The family went to stay with friends in Lattingtown, and Ward came back on his own on Tuesday to clean up. He found 4 or 5 feet of water in the basement, though by mid-morning it had drained down through the village's sandy soil.
"We have no damage on the first or second floor, luckily," he said. "We got very lucky considering the strength of the storm."
At one point during the storm, Bayville was entireley cut off because both of the only access roads were covered with water. The western access road, Bayville Avenue, was reopened Monday afternoon and remains open.
One section of the second access road, West Shore Road, which runs through Mill Neck and connects Oyster Bay to Bayville, collapsed during the storm surge generated Monday evening by Sandy, officials said. Two of the other sections were undermined, leaving the asphalt top with nothing below it. The collapse was near Cleft Road.
West Shore Road was strewn with debris and its power lines were leaning precariously.
Nine boats, including three large sailboats, washed up on the shore along the roadway.
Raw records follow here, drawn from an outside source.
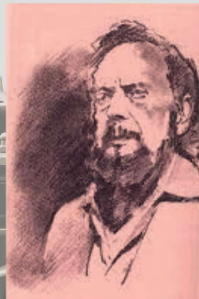
(Σκίτσα του Κώστα Ράμμου)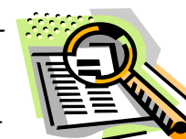
Активность и зна-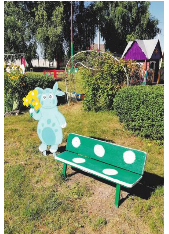
Детсад № 4 с. Алексеевка Корочанского района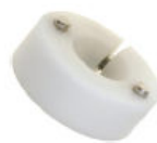
Dual magnet, Nylon collar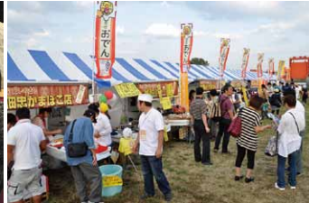
北区おでん事業月間(10月・11月)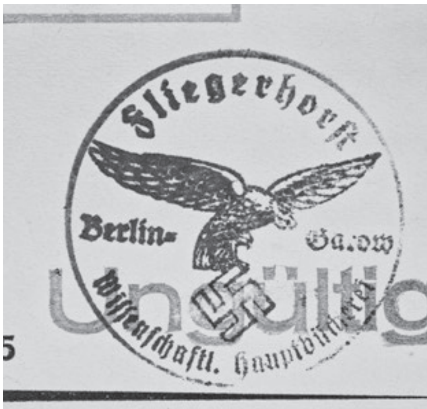
Abb. 1: Fliegerhorst Berlin-Gatow. Wissenschaftliche Hauptbücherei. Besitzstempel. Universitätsbibliothek TU Berlin, Sign.: 8B1561-5

Während zuvor die Luftkriegsakademie und die Lufttechnische Akademie, einschließlich der Institute, gleichrangig waren, so änderte sich dies 1938. Alle Neuzugänge wurden nunmehr mit einer einheitlich gestalteten Buchmarke gestempelt, die entweder nur die Bezeichnung ›Bücherei der Luftkriegsakademie‹ oder zusätzlich noch die Bezeichnungen der von ihr verwalteten, aber von verschiedenen Trägern finanzierten Teilbestände, 19 wie ›Fliegerhorstkommandantur‹, ›Höhere Luftwaffenschule‹, ›Offiziersbücherei‹, ›Technische Akademie der Luftwaffe‹ und ›Beauftragter für Hochfrequenzforschung‹, aufweist.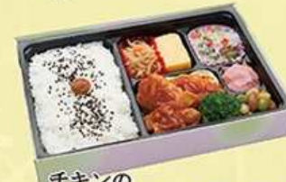
チキンの まるやかトマト煮弁当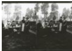
Burchtse Zelfstandigen (5): paspop (GZ Tul083)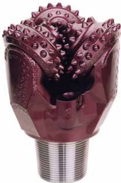
Долота с твердосплавным вооружением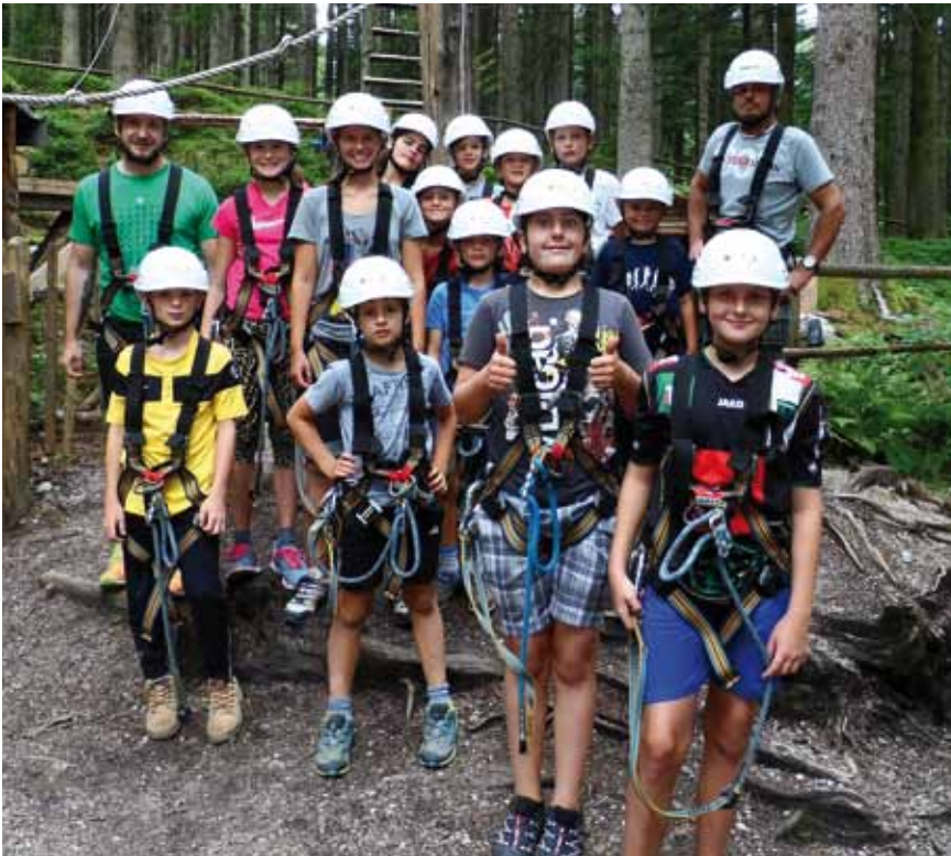
Minicrocodiles im Klettergarten Zauberwinkl

Schon bald können unsere Spieler wieder in der Eisarena der schwarzen Hartplastikscheibe hinterher jagen. Denn mit dem ersten Oktober-wochenende steht unsere Eishalle den EHC'lern wieder zur Verfügung.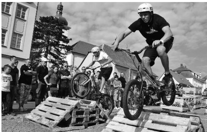
Umění kluků, kteří na kole na čas zdolávají pro někoho neschůdné překážky, obdivovaly desítky lidí.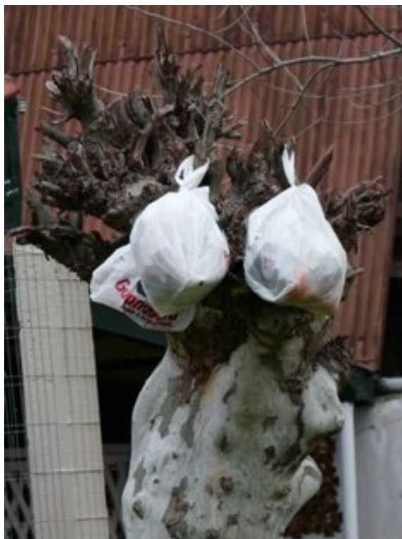
Figura 1: Claudia Tavares S/ título, 2008. Fotografia digital, Cassino.

A educação do olhar, do sensível, é apresentada como uma poderosa contribuição para o desenvolvimento de um pensamento crítico frente à cultura visual e suas relações socioambientais. Assim, almeja favorecer o autoconhecimento e o reconhecimento do Outro como constituinte do processo individual de aprendizagem.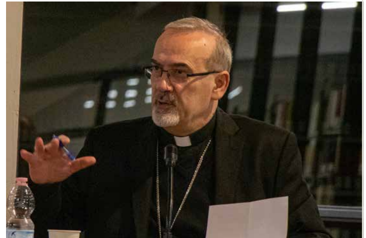
Mgr Pierbattista Pizzaballa, patriarche latin de Jérusalem, parle de « Fratelli Tutti ».

Originaire de Cologno al Serio (Bergame), Italie, le Patriarche a été ordonné prêtre dans l'Ordre des Frères Mineurs (OFM) le 15 septembre 1990. Le mois suivant, il a été envoyé en Terre Sainte et est ensuite entré au service de la Custodie de Terre Sainte. Il a obtenu une licence en théologie biblique au Studium Biblicum Franciscanum à Jérusalem.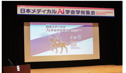
The 4th Annual Meeting of JMAI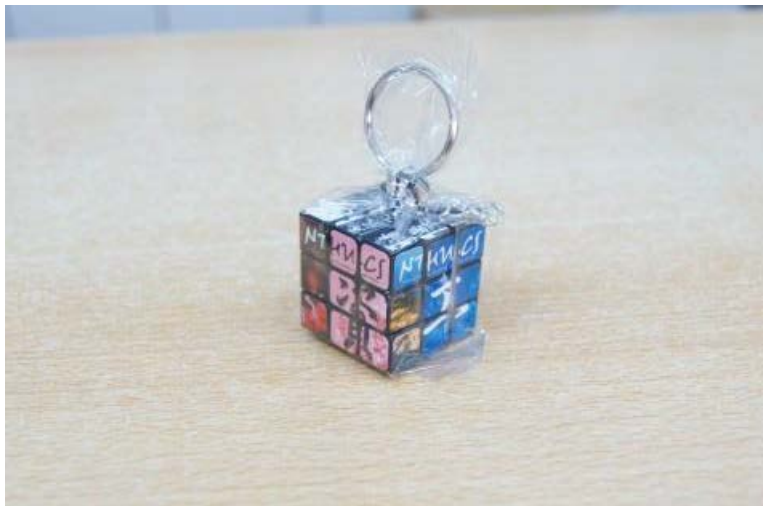
[圖片參考：(由上至下)2012 清華資工魔方鑰匙圈平面示意圖、2011 清華資工魔方鑰匙圈實品及包裝]

The county was preparing to do a three-phase project to reconstruct all two miles of West Shore Road and the seawall that supports it.
The first phase of the project was stalled for several months by the late Nassau County Legislature's Presiding Officer, Peter Schmitt, as officials attempted to determine if the road was owned by the county.
The issue was resolved in September, when Schmitt finally announced he would let the work proceed. But the collapse occurred before vital roadwork could begin.
The collapse only compounded the access issue.